Existence of an isomorphism $\mathbb{P}^n\times\mathbb{P}^m \rightarrow \mathbb{P}^{n+m}$

Question

There exist an isomorphism of varieties? $$\mathbb{P}^n\times\mathbb{P}^m \rightarrow \mathbb{P}^{n+m}$$

I am considering $\mathbb{P}^n\times\mathbb{P}^m$ as the product in the category of varieties.

Answer 1

I) The varieties $\mathbb P^1\times \mathbb P^1$ and $\mathbb P^2$ have subvarieties behaving differently and can thus not be isomorphic:

a) In $\mathbb P^1\times \mathbb P^1$ there exist two irreducible subvarieties which are are not points but are nevertheless disjoint, namely $\{a\}\times \mathbb P^1$ and $\{b\}\times \mathbb P^1$ for $a\neq b\in \mathbb P^1$.
b) If you take two different irreducible subvarieties $X,Y\subset \mathbb P^2_k$ which are not reduced to points they have non-empty intersection: $X\cap Y\neq \emptyset$.

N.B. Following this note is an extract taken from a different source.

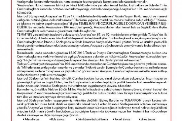 İstanbul Sözleşmesi’nden vazgeçmemiz mümkün değildir. Bizler; Barolar ve TÜBAKKOM olarak kadına yönelik şiddeti bir insan hakkı ihlali ve ayrımcılık olarak kabul eden İstanbul Sözleşmesi’ni ortadan kaldırmaya yönelik Anayasa’ya aykırı bu girişime karşı mücadelemizi sürdüreceğimizi belirtiyor, temel hak ve özgürlükleri ortadan kaldırmaya yönelik bulduğumuz bu girişim karşısında toplumumuzun her kesimini bu mücadeleye destek vermeye ve dayanışmaya çağırıyoruz."
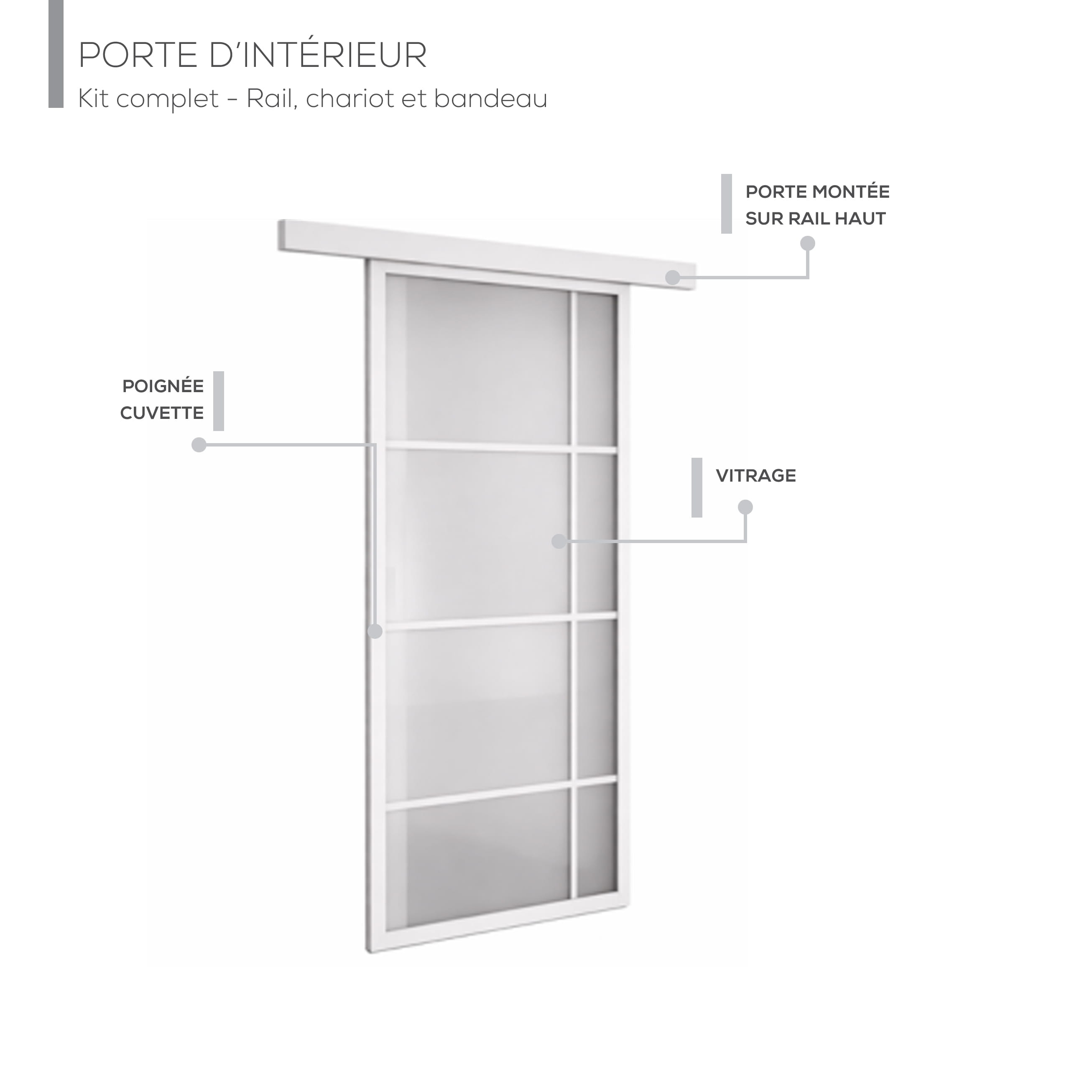 Installée sur rail extérieur avec bandeau en applique, elle offre une ouverture fluide et silencieuse tout en masquant le mécanisme pour une finition soignée. La poignée encastrée garantit un usage confortable et discret, idéale pour optimiser l’encombrement.

Assertion b) results from elementary elimination theory and does not require Bézout's theorem with its subtle notion of intersection multiplicity. It requires however that $k$ be algebraically closed.

II) If $k$ is not algebraically closed you can go over to an algebraic closure of $k$ but this "change of basis" is generally not studied in elementary algebraic geometry.
For the non algebraically closed field $k=\mathbb R$ however, the topological manifolds underlying $\mathbb P^{n+m}_\mathbb R$ and $\mathbb P^n_\mathbb R\times \mathbb P^m_\mathbb R$ are not even homeomorphic, since their fundamental groups are respectively $\mathbb Z/2$ and $\mathbb Z/2 \times \mathbb Z/2 $.
So these algebraic varieties are a fortiori not isomorphic.

III) For general values of $n,m$ more sophisticated methods are necessary over general fields.
For example one can use Picard groups: $\text {Pic} (\mathbb P^n\times \mathbb P^m)=\mathbb Z\times \mathbb Z$, whereas $\text {Pic} (\mathbb P^{m+n})=\mathbb Z$

Edit
The result $\text {Pic} (\mathbb P^{m+n})=\mathbb Z$ is proved in detail in Hartshorne's Algebraic Geometry, Chapter II, Proposition 6.4.
The result $\text {Pic} (\mathbb P^n\times \mathbb P^m)=\mathbb Z\times \mathbb Z$ follows from the general result of Chapter III, Exercise 12.6, page 292. See also here.
There are probably more elementary references and I would be grateful to any user who would indicate one.

Answer 2

These spaces are not isomorphic, so you won't find an isomorphism.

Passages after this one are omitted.